Getting more software into production, at speed.
The path to production is composed of many pieces, and developers have to navigate many steps to get their code into production. It’s full of friction that slows down development cycles. Platforms like VMware Tanzu can pull everything together into an integrated and automated path, so developers can write five lines of code to push their software into production, including all dependencies and accounting for security. Improving developer capacity in this way means the organization can deliver better software, faster. That means more revenue generating features, faster patches and happier customers.

Here, partners should push enterprises to answer; exactly how they get their apps to production today; how their last production deployment went and what issues were encountered; where most of their business apps run today; and what are the next set of apps they want to modernize.

These are elements enterprises must get right, today. The customer experience is now inextricably linked to the app portfolio, as the pace of business innovation increases thanks to DevOps. A comparison of ‘elite’ (those organisations in the highest possible performance category) versus low performing organisations shows the former have 208x more frequent code deploys, a 2,604x faster time to restore service, and 7x better change failure rates.

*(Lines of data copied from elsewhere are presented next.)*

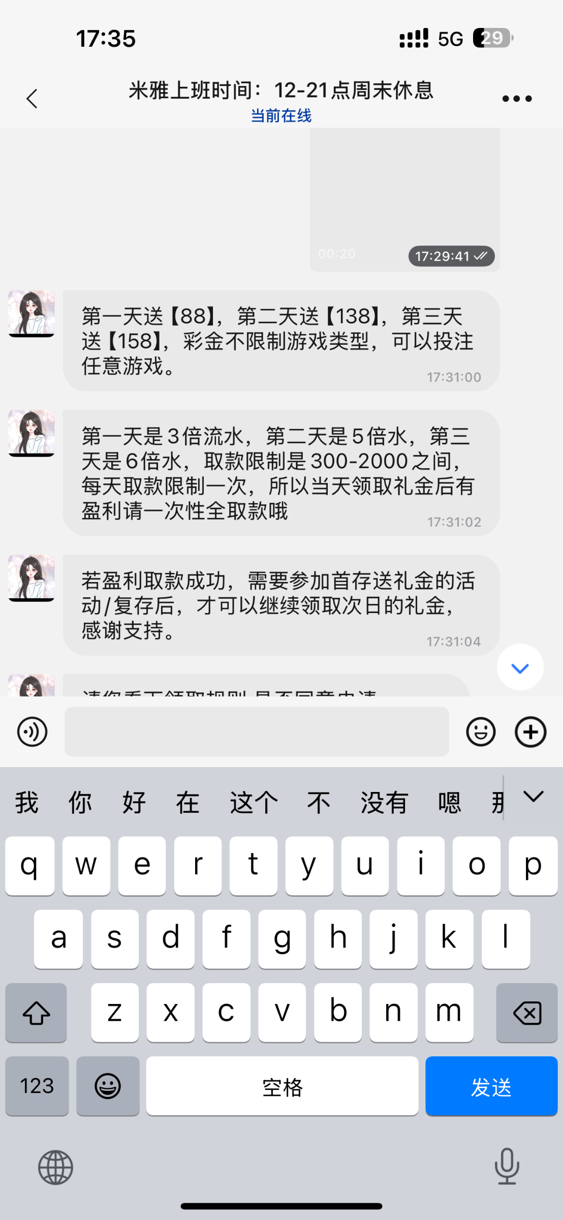 前几天来电话加了旺旺以为老号不送就没管,刚刚去弄给了88
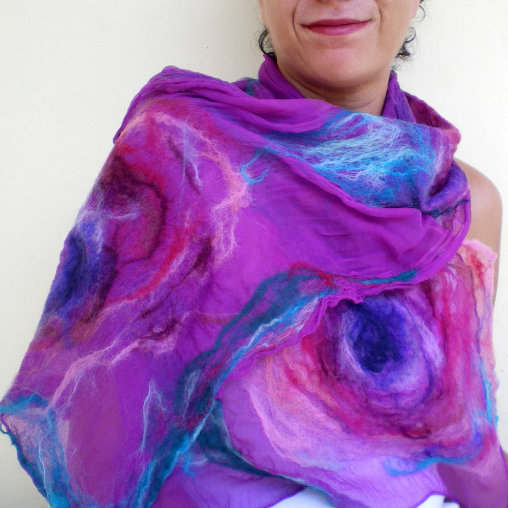 The scarf is created with the wet felting technique. The distinction between this nuno-felted scarf and a simple felted item is that it contains also a different material except from wool, i.e. silk. It measures approximately 167 cm (65.7in) length and 35-42 cm (13.8-16.5in) width.
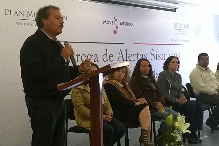 NOTICIAS 28/11/2014Entregan alarmas sÃsmicasSe entregaron 192 alarmas sÃsmicas al mismo número de estancias infantiles en Michoacán por parte de la delegación de la SecretarÃa de Desarrollo Social (Sedesol), las cuales tienen una inversión de recurso federal de 800 mil pesos y que permitirán alertar hasta 45 minutos antes de un evento telúrico informó el director de Protección Civil estatal, Nicolás Alfaro Carillo.
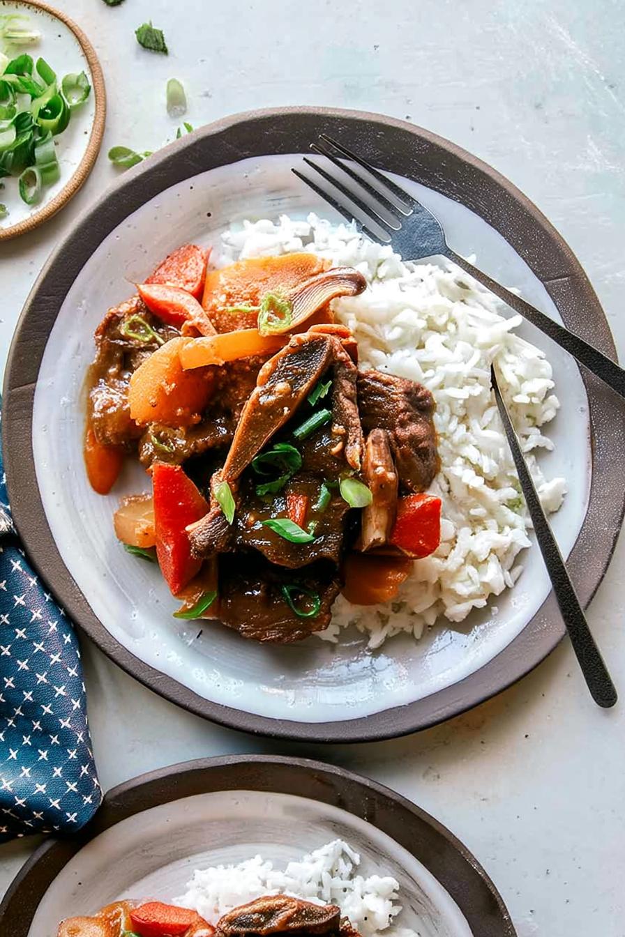 - Cover, reduce heat, and simmer for 1½ hours until ribs are silky smooth. Add 3 chopped carrots and 3 potatoes; simmer uncovered 20–30 minutes until tender. Stir in 4 scallions during the last 5 minutes.
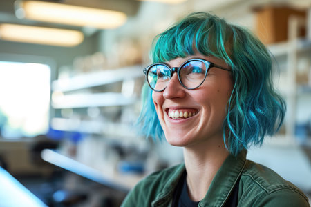 Smiling Woman Employee Neuroscientist With Blue Hair
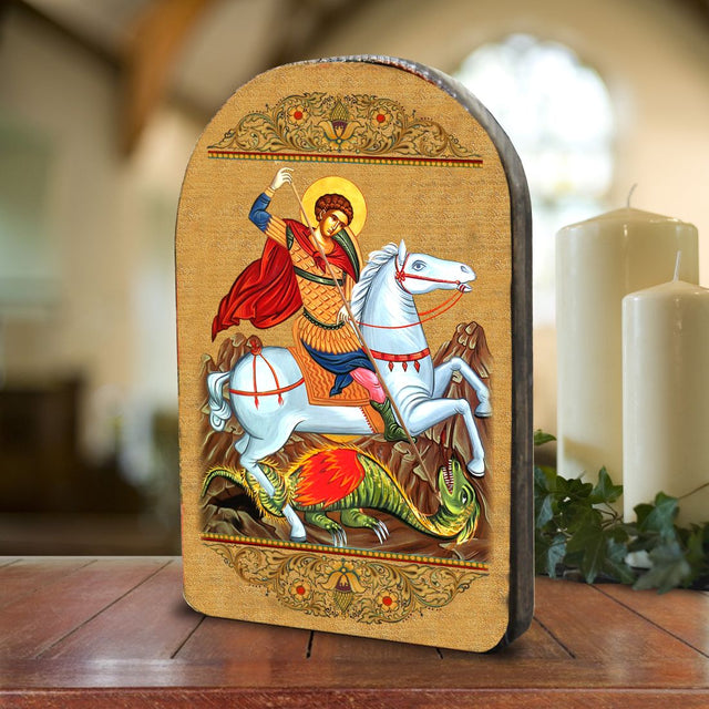 Compre San Jorge: el regalo perfecto para ocasiones y eventos especiales, como la Primera Comunión, la Confirmación, el Bautismo o el Bautizo. Explore nuestra extensa colección de iconos de monasterio, cruces y más hechos a mano en la Tienda Religiosa G. Debrekht.

Yet too many organizations still suffer from layers of manual processes designed to minimize risk and ensure compliance – making app releases infrequent, high-risk events. In addition, a lack of cloud native experience and expertise exacerbates the challenge.

The opportunity for IT and developers to fuel greater digital transformation lies in keeping it as simple as possible. The reality is that some businesses are more ready for Kubernetes than others. So, in this era of modernising apps, there must be a greater focus on making Kubernetes ‘enterprise consumable’ – delivering developer-ready capabilities to ensure that it is easy to implement and scale when the time is right; where no one has to make any decisions between VMs and containers, there is no need to rebuild existing apps to run in containers, and where the platform supports all the major public clouds, so truly multi-cloud.

At VMware, through our Tanzu strategy we’ve done this by bringing Kubernetes to the 70 million+ workloads running on vSphere, and this is also where partners come in – bringing the technical expertise and consultancy to help organisations streamline application modernisation efforts. It is trusted partners that can bring together Dev and Ops teams, ensuring the organisation has the right platform, catering for all clouds with consistent operations, to deliver better software to production, continuously.

With this in place, enterprises can connect the dots and turn the app modernization aspirations of CIOs into a reality, successfully enabling the organisational shift towards app-centricity to drive business growth.

Partner view
Sivagurunathan Sankaranarayanan, CTO of HUCO, a technology partner company that achieved VMware Master Services Competency Cloud Native last year, said that organizations currently tend to understand the importance of agile application delivery and how modern applications bring them agility, although further dialogue may be needed. “It then often requires a conversation,” Sankaranarayanan said. “When we explain how Kubernetes itself best enables modern applications, organizations are able to better understand the specific opportunity presented by this technology.”

Where do you see the common pitfalls and hurdles to adoption?
The main hurdles we’ve witnessed are a resistance to change and the challenge of upskilling; of bringing the required modern application skillsets into the existing operations teams.

How do you think partners help enterprises take advantage?
Partners can help enterprises significantly. Our recommendation would be that a small, dedicated team supports the enterprise adoption of newer initiatives like Machine Learning, Blockchain, AI within Kubernetes. Then, this team works to establish quick wins that demonstrate the benefits Kubernetes can bring, to position itself as a Kubernetes ‘ambassador’ that can lead an increased adoption across the enterprise.